>>
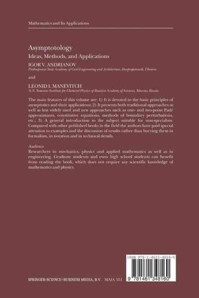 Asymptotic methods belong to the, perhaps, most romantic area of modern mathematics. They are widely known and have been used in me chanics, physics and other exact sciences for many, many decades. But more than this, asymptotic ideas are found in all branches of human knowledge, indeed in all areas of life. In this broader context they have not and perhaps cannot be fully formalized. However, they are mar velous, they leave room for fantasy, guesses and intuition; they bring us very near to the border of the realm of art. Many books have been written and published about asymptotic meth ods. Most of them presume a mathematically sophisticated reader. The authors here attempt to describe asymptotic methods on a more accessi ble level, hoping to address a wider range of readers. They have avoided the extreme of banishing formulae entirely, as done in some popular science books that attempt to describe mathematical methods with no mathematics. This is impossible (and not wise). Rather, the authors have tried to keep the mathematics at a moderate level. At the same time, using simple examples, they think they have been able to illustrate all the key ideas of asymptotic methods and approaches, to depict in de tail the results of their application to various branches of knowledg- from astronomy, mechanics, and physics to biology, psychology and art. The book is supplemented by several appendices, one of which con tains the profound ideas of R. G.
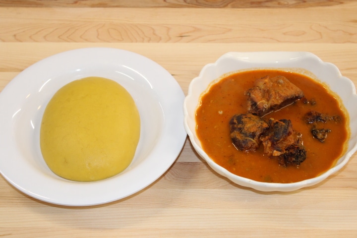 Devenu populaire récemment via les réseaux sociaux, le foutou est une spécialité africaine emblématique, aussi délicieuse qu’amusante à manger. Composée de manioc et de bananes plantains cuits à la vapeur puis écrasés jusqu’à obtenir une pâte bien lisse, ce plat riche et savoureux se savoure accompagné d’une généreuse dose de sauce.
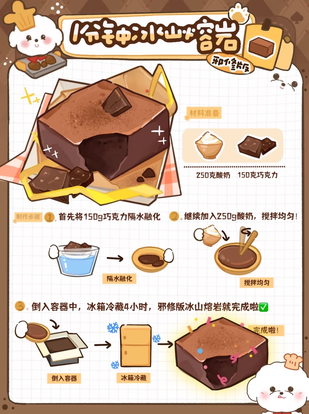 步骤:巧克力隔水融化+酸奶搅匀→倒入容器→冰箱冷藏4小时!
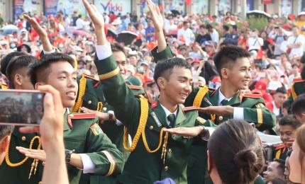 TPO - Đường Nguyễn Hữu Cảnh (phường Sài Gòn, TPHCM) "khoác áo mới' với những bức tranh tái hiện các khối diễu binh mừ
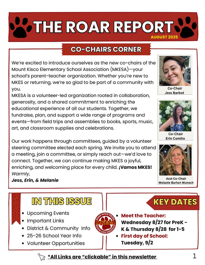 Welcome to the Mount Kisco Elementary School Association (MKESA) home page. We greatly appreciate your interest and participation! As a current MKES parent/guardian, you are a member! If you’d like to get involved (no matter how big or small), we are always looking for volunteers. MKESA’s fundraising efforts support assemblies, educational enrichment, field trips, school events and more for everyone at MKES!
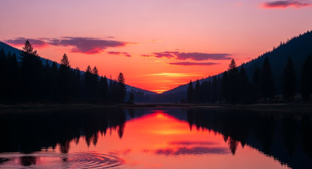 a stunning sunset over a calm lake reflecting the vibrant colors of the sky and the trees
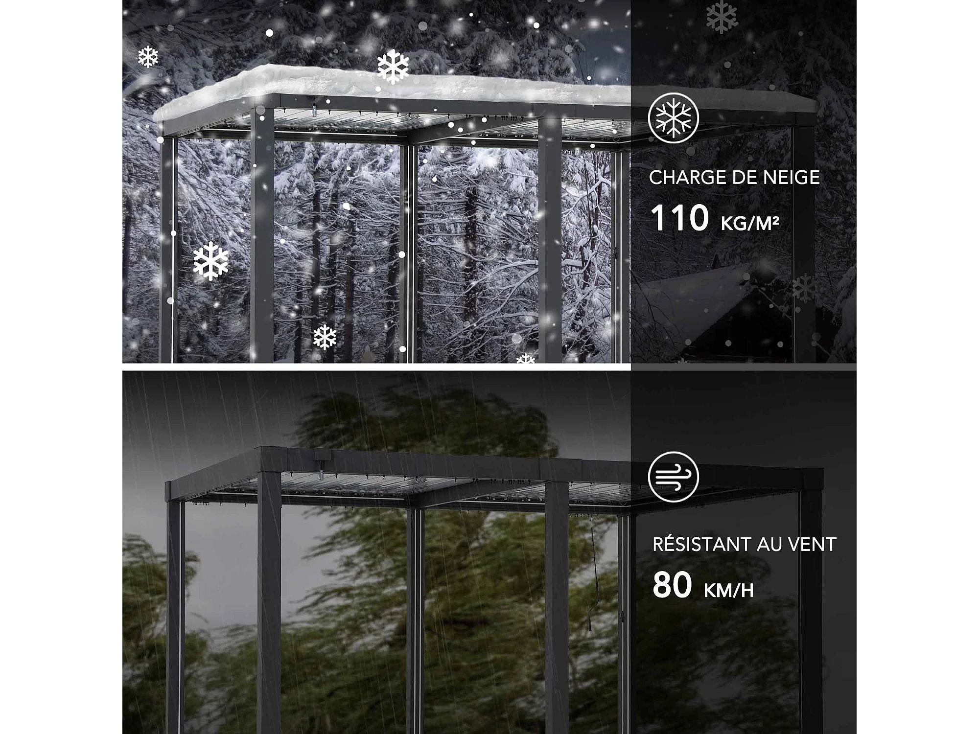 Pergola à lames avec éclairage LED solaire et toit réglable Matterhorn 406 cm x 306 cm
<<
→ Directions
Up in the listing, locate the line with "步骤:巧克力隔水融化+酸奶搅匀→倒入容器→冰箱冷藏4小时!"; print it and every line after it down to the line with "a stunning sunset", which is included too. Skip the pictures.

→ Written response
 步骤:巧克力隔水融化+酸奶搅匀→倒入容器→冰箱冷藏4小时!
 TPO - Đường Nguyễn Hữu Cảnh (phường Sài Gòn, TPHCM) "khoác áo mới' với những bức tranh tái hiện các khối diễu binh mừ
 Welcome to the Mount Kisco Elementary School Association (MKESA) home page. We greatly appreciate your interest and participation! As a current MKES parent/guardian, you are a member! If you’d like to get involved (no matter how big or small), we are always looking for volunteers. MKESA’s fundraising efforts support assemblies, educational enrichment, field trips, school events and more for everyone at MKES!
 a stunning sunset over a calm lake reflecting the vibrant colors of the sky and the trees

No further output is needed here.